= BRIEF =
All of the data below should be printed again word for word, pictures excluded.

= SUPPLIED DATA =

■ ■ ■ ■ ■ ■ ■

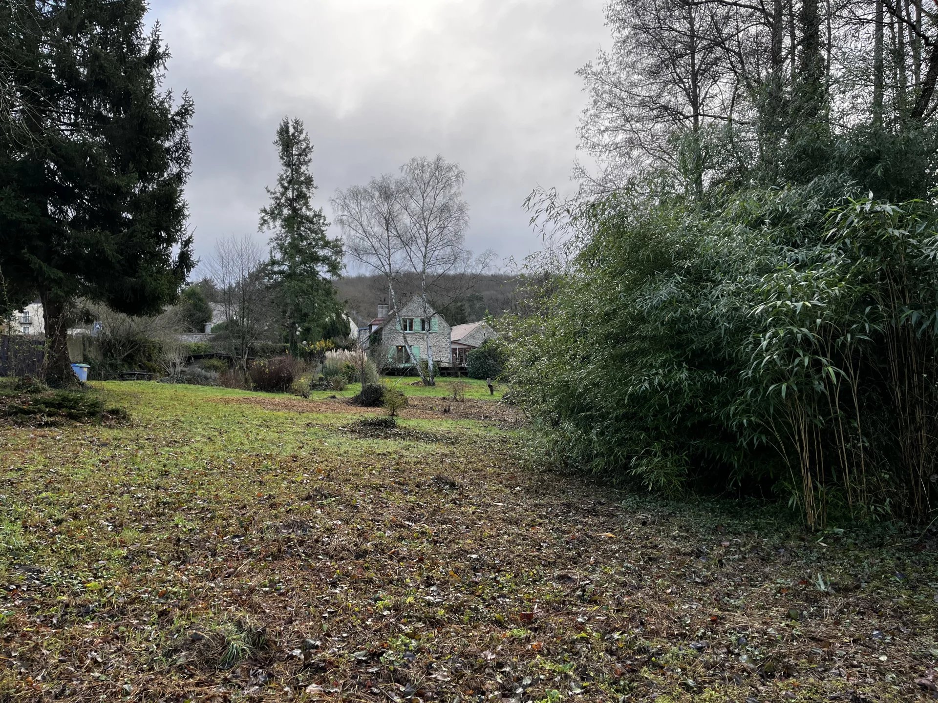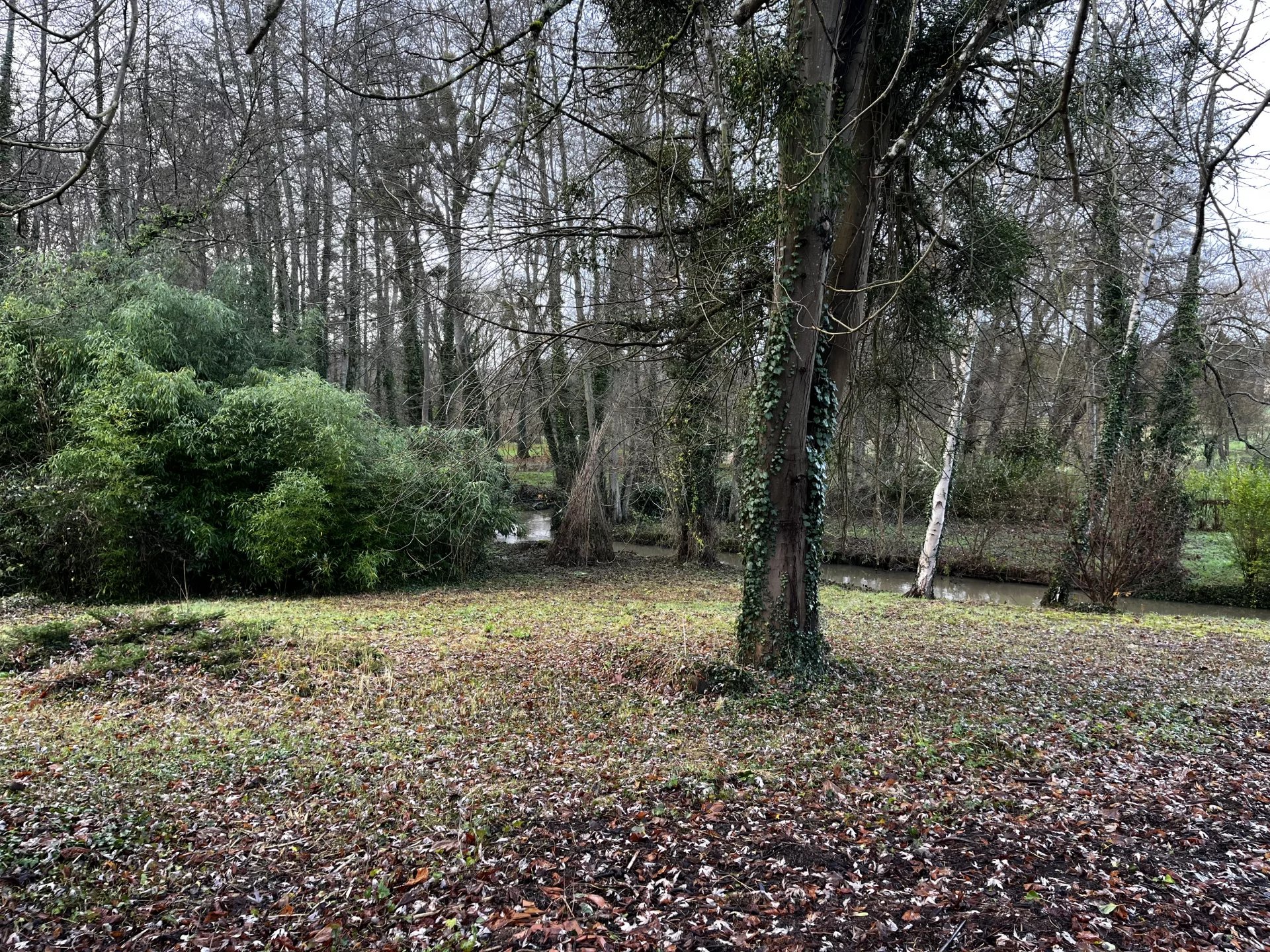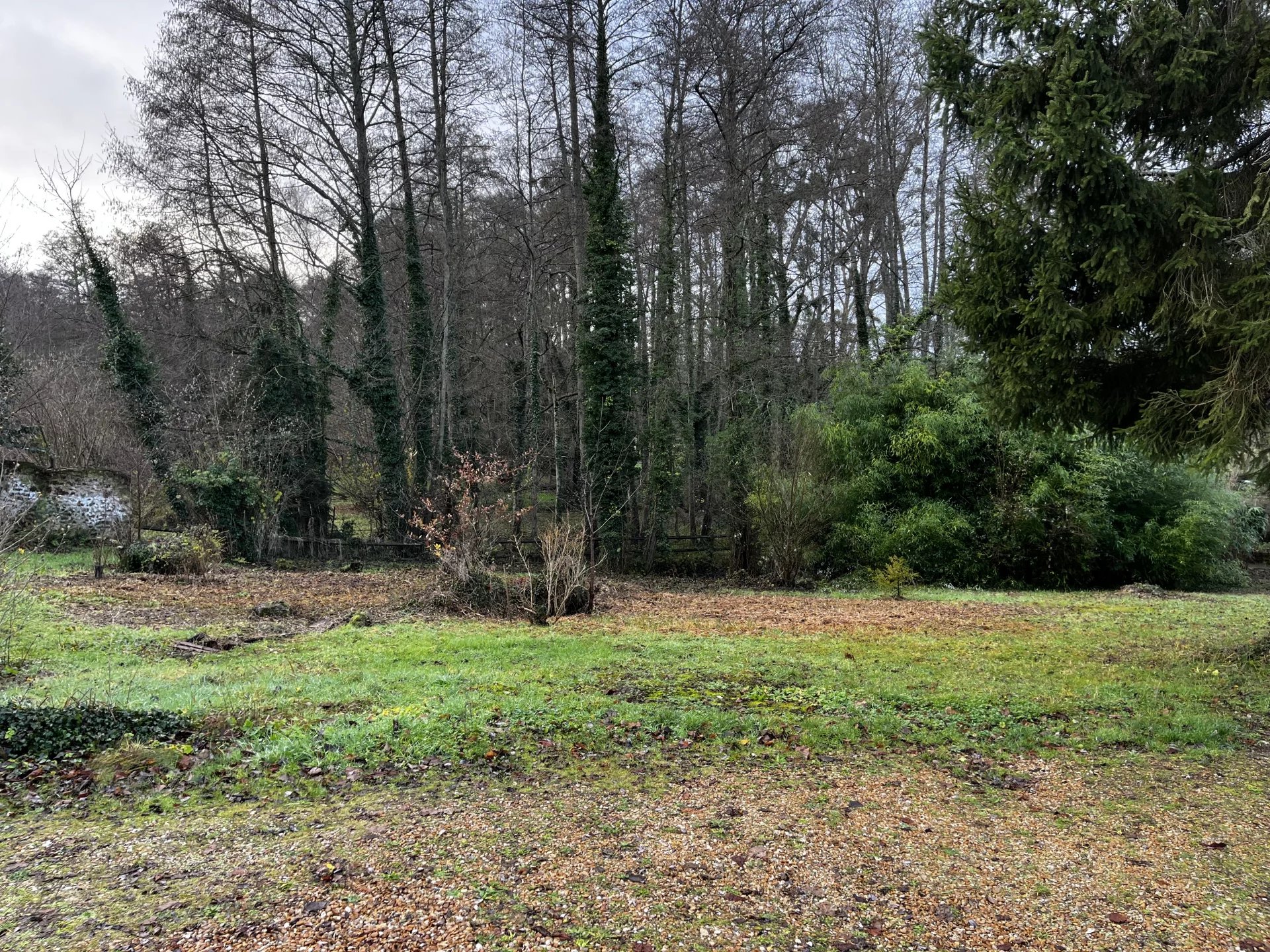 Terrain arboré, exposé sud-ouest avec un accès direct au rû des vaux.
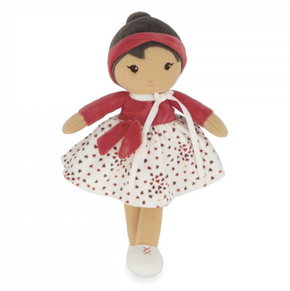 How romantic! Meet Émilie, a charming fabric doll, in her 25 cm format. Suitable for babies from birth, she is part of the Tendresse doll collection by Kaloo. The Émilie doll wears a beautiful ruffled skirt decorated with hearts, reflecting her joy of life and her love of life. With her adorable red heart-shaped wrap, matching her headband, she is ready for any adventure. On her feet, comfortable sneakers allow her to walk the streets and appreciate their authentic beauty. Émilie is a little doll who embodies freedom and who loves to celebrate the beauty of life.
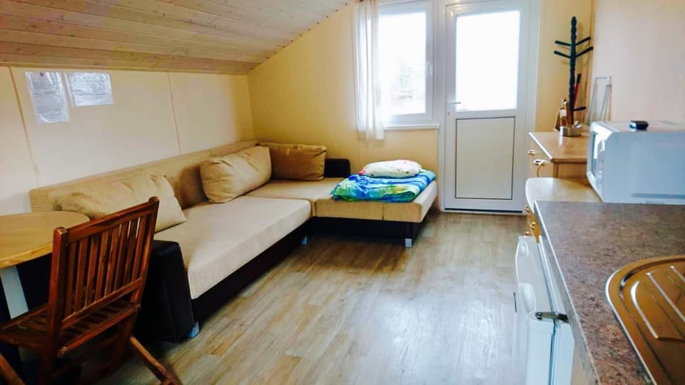 Leider ist direkt hinter der Unterkunft eine Art Trampolin - Wiese. Das war besonders am Abend recht laut. Die Zimmer sind sehr schlicht und eher klein. Die Matratze war unbequem. Es gab eine Küchenzeile mit Wasserkocher und Mikrowelle - allerdings ohne Spüle. Geschirr musste man in dem winzigen Waschbecken im Bad waschen.
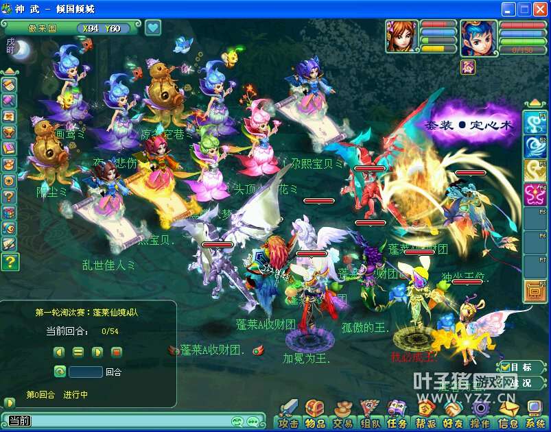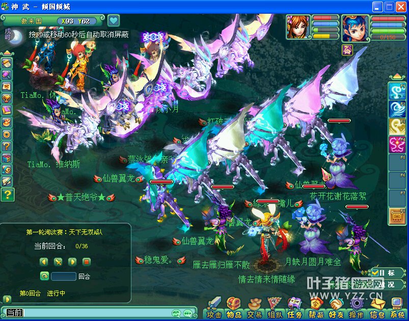 相关资讯: 天下无双A队VS碧雪情天A队 天下A队:ST LG WZ TM PT(虎翼阵) 碧雪A队:DT LG FC PS PT(龙飞阵) 高手过招,10仙兽激情对决,双方阵容都是2输出2封1辅助,在阵法上碧雪A队占得优势,龙飞阵大大克制了天下A队的虎翼阵,比赛开始碧雪A队率先击倒对方的仙兽,而且封系非常给力,封印了天下A队的天魔和狮驼,而天下A队则是拉出了月光,一下审判带来奇效,利用减防效果开始清除对方的仙兽,而后将目标集中在碧血A队的盘丝身上,破血出击配合剑气成功将其击倒。而碧血A队则是用起了绝幻魔音压制对手的特技施放,双方的战术各有亮点,经历了36回合的激烈大战,最终天下A队击败了碧血A队成功进军了8强。 蓬莱仙境A队VS四海升平A队 蓬莱A队:ST LG MW FC PT(龙飞阵) 四海A队:DT MW FC DF PT(虎翼阵) 蓬莱A队阵容3输出1封1辅助,而四海A队的则是2输出1封2辅助,阵法上蓬莱A队占得优势,龙飞阵大克四海A队的虎翼阵,而且蓬莱A队首发有2只仙兽,不错不幸,四海A队的普陀刚喝了酒就中了恐怖状态。蓬莱A队的狮驼是在肉,大唐3刀扫不死,剑气只能打出180血,这就是血耐狮驼的恐怖之处,即使倒地拉起后又是疯狂的输出,生存了大大的加强,而四海A队的大唐则是不断被守尸,被剑气宝宝不断压制,逼的四海A队只能用起罗汉,再依靠地府不断四海拉回血线,历经54回合,蓬莱A队将对手全部歼灭,成功进军八强。

■ ■ ■ ■ ■ ■ ■

= YOUR RESPONSE =
 Terrain arboré, exposé sud-ouest avec un accès direct au rû des vaux.
 How romantic! Meet Émilie, a charming fabric doll, in her 25 cm format. Suitable for babies from birth, she is part of the Tendresse doll collection by Kaloo. The Émilie doll wears a beautiful ruffled skirt decorated with hearts, reflecting her joy of life and her love of life. With her adorable red heart-shaped wrap, matching her headband, she is ready for any adventure. On her feet, comfortable sneakers allow her to walk the streets and appreciate their authentic beauty. Émilie is a little doll who embodies freedom and who loves to celebrate the beauty of life.
 Leider ist direkt hinter der Unterkunft eine Art Trampolin - Wiese. Das war besonders am Abend recht laut. Die Zimmer sind sehr schlicht und eher klein. Die Matratze war unbequem. Es gab eine Küchenzeile mit Wasserkocher und Mikrowelle - allerdings ohne Spüle. Geschirr musste man in dem winzigen Waschbecken im Bad waschen.
 相关资讯: 天下无双A队VS碧雪情天A队 天下A队:ST LG WZ TM PT(虎翼阵) 碧雪A队:DT LG FC PS PT(龙飞阵) 高手过招,10仙兽激情对决,双方阵容都是2输出2封1辅助,在阵法上碧雪A队占得优势,龙飞阵大大克制了天下A队的虎翼阵,比赛开始碧雪A队率先击倒对方的仙兽,而且封系非常给力,封印了天下A队的天魔和狮驼,而天下A队则是拉出了月光,一下审判带来奇效,利用减防效果开始清除对方的仙兽,而后将目标集中在碧血A队的盘丝身上,破血出击配合剑气成功将其击倒。而碧血A队则是用起了绝幻魔音压制对手的特技施放,双方的战术各有亮点,经历了36回合的激烈大战,最终天下A队击败了碧血A队成功进军了8强。 蓬莱仙境A队VS四海升平A队 蓬莱A队:ST LG MW FC PT(龙飞阵) 四海A队:DT MW FC DF PT(虎翼阵) 蓬莱A队阵容3输出1封1辅助,而四海A队的则是2输出1封2辅助,阵法上蓬莱A队占得优势,龙飞阵大克四海A队的虎翼阵,而且蓬莱A队首发有2只仙兽,不错不幸,四海A队的普陀刚喝了酒就中了恐怖状态。蓬莱A队的狮驼是在肉,大唐3刀扫不死,剑气只能打出180血,这就是血耐狮驼的恐怖之处,即使倒地拉起后又是疯狂的输出,生存了大大的加强,而四海A队的大唐则是不断被守尸,被剑气宝宝不断压制,逼的四海A队只能用起罗汉,再依靠地府不断四海拉回血线,历经54回合,蓬莱A队将对手全部歼灭,成功进军八强。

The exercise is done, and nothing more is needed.